**WHAT IS REQUIRED:** Only one stretch of the records below should be repeated. It starts with the line containing "本报讯 (记者 张伟涛)" and goes on through the line containing "When you reach", exactly as written.

**PROVIDED DATA:**
- Opening Delimiter -
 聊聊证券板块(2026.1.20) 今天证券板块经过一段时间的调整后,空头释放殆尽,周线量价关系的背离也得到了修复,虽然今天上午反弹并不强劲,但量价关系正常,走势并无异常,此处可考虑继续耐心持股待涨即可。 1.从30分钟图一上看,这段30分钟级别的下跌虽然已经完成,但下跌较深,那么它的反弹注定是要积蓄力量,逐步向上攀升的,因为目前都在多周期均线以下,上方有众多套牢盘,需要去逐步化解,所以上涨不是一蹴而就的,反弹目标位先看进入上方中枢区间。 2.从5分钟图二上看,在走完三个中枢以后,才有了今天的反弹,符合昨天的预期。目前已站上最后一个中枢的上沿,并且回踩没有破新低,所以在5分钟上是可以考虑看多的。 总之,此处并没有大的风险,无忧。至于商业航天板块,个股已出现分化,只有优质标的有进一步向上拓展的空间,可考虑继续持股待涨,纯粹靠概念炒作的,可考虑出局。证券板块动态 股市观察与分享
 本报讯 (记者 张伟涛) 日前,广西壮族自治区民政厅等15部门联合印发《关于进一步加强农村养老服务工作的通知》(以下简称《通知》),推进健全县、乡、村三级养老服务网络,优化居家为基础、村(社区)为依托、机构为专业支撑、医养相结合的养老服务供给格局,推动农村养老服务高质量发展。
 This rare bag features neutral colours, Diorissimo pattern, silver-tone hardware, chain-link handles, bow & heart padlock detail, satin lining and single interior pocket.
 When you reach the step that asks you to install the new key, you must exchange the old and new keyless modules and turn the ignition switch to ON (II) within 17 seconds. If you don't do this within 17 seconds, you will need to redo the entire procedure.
- Closing Delimiter -
- Opening Delimiter -
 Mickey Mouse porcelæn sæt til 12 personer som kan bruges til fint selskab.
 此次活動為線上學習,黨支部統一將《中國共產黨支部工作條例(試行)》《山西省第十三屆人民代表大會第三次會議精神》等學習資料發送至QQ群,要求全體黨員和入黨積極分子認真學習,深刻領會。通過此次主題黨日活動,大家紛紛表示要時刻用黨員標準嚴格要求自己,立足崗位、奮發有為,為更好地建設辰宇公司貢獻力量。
- Closing Delimiter -
**WORKED SOLUTION:**
 本报讯 (记者 张伟涛) 日前,广西壮族自治区民政厅等15部门联合印发《关于进一步加强农村养老服务工作的通知》(以下简称《通知》),推进健全县、乡、村三级养老服务网络,优化居家为基础、村(社区)为依托、机构为专业支撑、医养相结合的养老服务供给格局,推动农村养老服务高质量发展。
 This rare bag features neutral colours, Diorissimo pattern, silver-tone hardware, chain-link handles, bow & heart padlock detail, satin lining and single interior pocket.
 When you reach the step that asks you to install the new key, you must exchange the old and new keyless modules and turn the ignition switch to ON (II) within 17 seconds. If you don't do this within 17 seconds, you will need to redo the entire procedure.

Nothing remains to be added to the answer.